Bernard Salomon a-t-il voulu utiliser la popularité importante de son talent pour mettre en avant ce modèle parfait de réconciliation ? Son effort, s’il n’a pas été relayé par d’autres[19] a néanmoins le mérite de révéler un artiste sensible, ouvert sur le monde et qui ose « parler le langage de la Parole  », exprimé dans le pardon de Joseph et dans son « esprit de famille ». Mais ce langage, de part et d’autre n’était déjà plus entendu.

 ALAIN COMBES


[1] Sur ce sujet voir l'article essentiel de Max Engammare Les Figures de la Bible , Mélanges de l'Ecole française de Rome. Italie et Méditerranée, t.106, 1994/2, p. 549-591.

[2] Né à Cuiseaux (Saône et Loire), chanoine du chapitre de la ville de Beaujeu où il meurt en 1573.

[3] Je comptabilise toutes les illustrations de Genèse 42 à 50.

[4] Figure del Vecchio Testamento, con versi toscani, per Damian Maraffi, Lyon, Jean de Tournes, 1554. Dans cette édition il n'y avait que 28 gravures nouvelles, mais toutes celles du cycle de "la réconciliation" dont nous parlons.

[5] Je mets à part pour l'instant les illustrations de P. Eskrich qui a largement repris les images de B. Salomon.

[6] Biblische Figuren des Alten und Newen Testaments, Francfort 1560.

[7] En fait, il n'illustre que la présentation à Pharaon de ses frères par Joseph. L'image est très largement inspirée de B. Salomon.

[8] Des dizaines d'éditions de mystères consacrées à Joseph circulent pendant tout le XVIe siècle, de nombreuses représentations théâtrales ont lieu qui ont pu inspirer Bernard Salomon. Cela dit, nous n'aurons pas ainsi l'explication du surgissement brutal dans son œuvre graphique de tout ce développement de l'histoire de Joseph et des ses frères. Nous pourrons aussi nous étonner que d'autres dessinateurs n'aient pas été plus influencés par ces mystères.

[9] Dans l’exégèse patristique et médiévale principalement.

[10] Il publiera plusieurs ouvrages dont les Psaumes de Marot.

[11] Célèbre éditeur lyonnais qui se réfugiera à Montluel en 1568.

[12] Il lance en 1542 une série d'éditions évangéliques. Cet homme courageux et original finira sur le bûcher en 1546.

[13] Son testament du 19 octobre 1559 le confirme. Cf. l'excellent ouvrage de Peter Sharratt : Bernard Salomon illustrateur lyonnais, Droz, Genève, 2005.

[14] Histoire de F. Josèphe chez F. Bourgoing. Les bois sont rachetés par Honorat et réédités souvent par la suite. (cf. P. Sharratt, B. Salomon illustrateur Lyonnais, Droz 2005, p.43)

[15] Biblia sacra chez G. Rouille, puis chez le même éditeur avec les vers de Gueroult en 1564 : Figures de la Bible illustrées….
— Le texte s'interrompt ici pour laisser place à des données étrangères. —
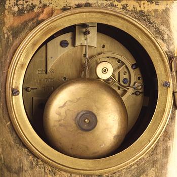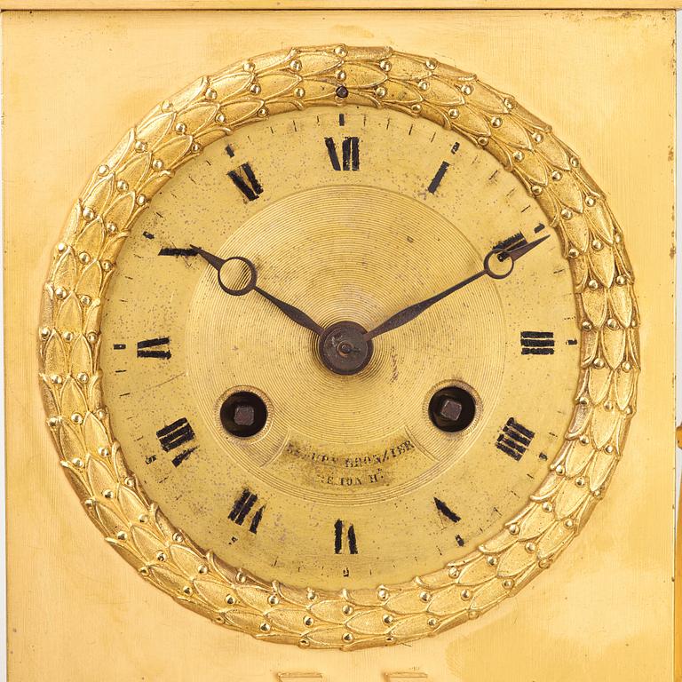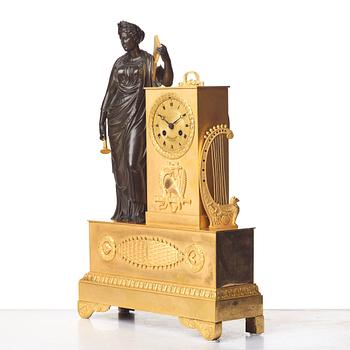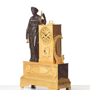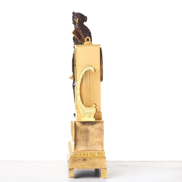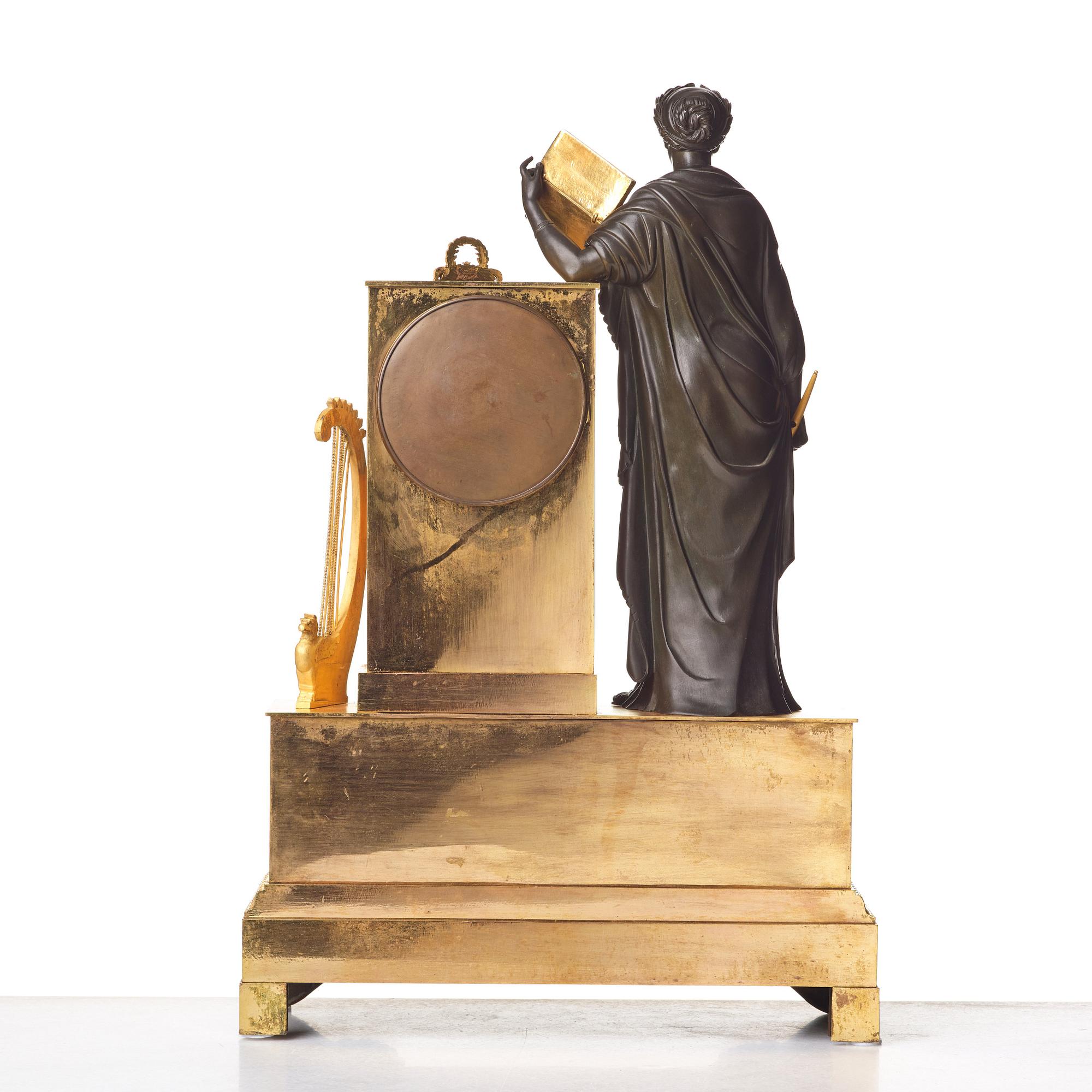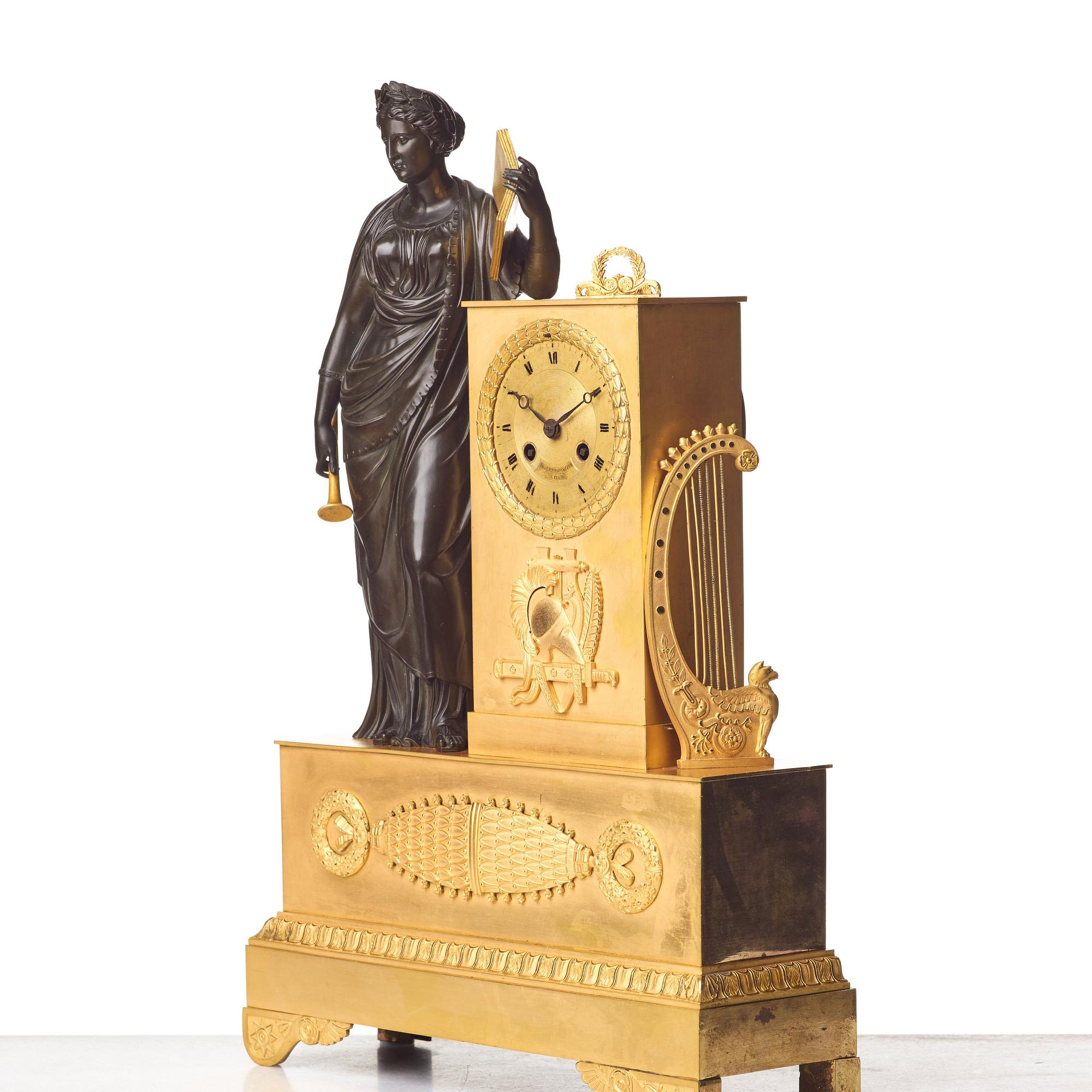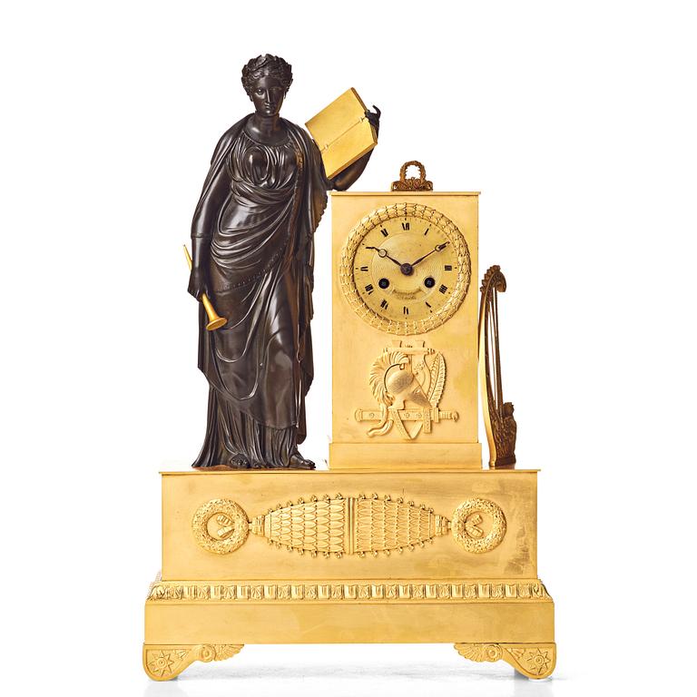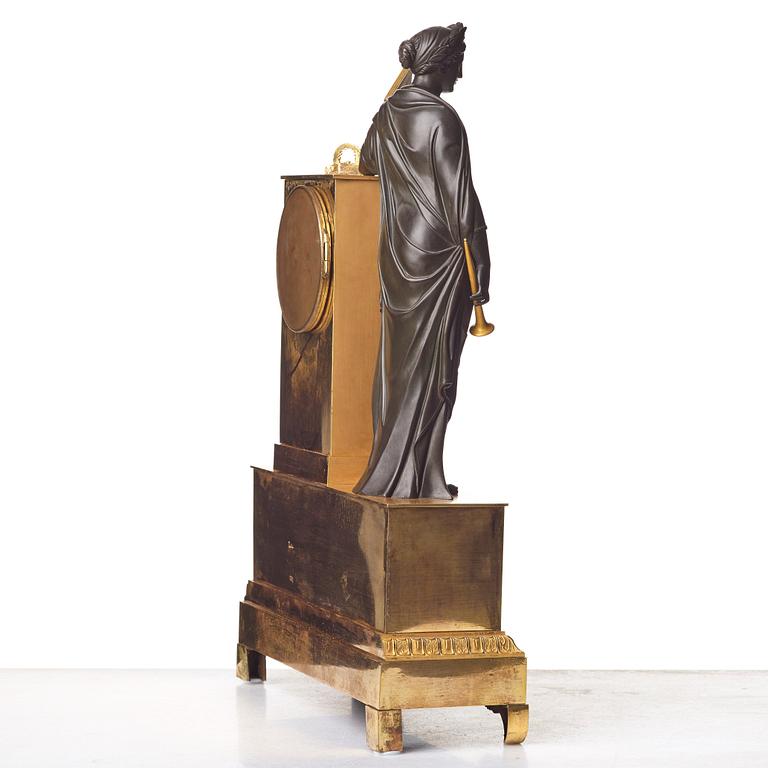 Gilded and patinated bronze. Dial marked "LEDURE BRONZIER REMOND Hr". Standing Cleo with the trumpet of reputation and the book of history writing. Cleo is a Greek woman's name formed from the word kleos which means glory, reputation. Relief of weapon trophy. Length 36, width 12, height 54.5 cm. Pendulum included.

[16] La harangue faite par Monseigneur de Lospital grand Chancelier de France en la présence du Roy..., Blois, Julian Angelier (Ca 1562), p. 19.

[17] Epistre à l'Eglise de Dieu, préface à l'histoire des persécutions et martyrs de l'Eglise de Paris, Lyon 1563. in E. Droz, Chemins de l'hérésie,  Tome 1, Slatkine reprints, Genève 1970, p. 428.

[18] Bèze, apôtre de la non-vengeance, in E. Droz, op. cit. p. 401.

[19] Il n’y a pas d’autre écho de cette insistance dans le domaine de l’illustration, mais ailleurs on ne peut oublier les positions de Sébastien Castellion, en faveur de la paix et de la tolérance religieuse.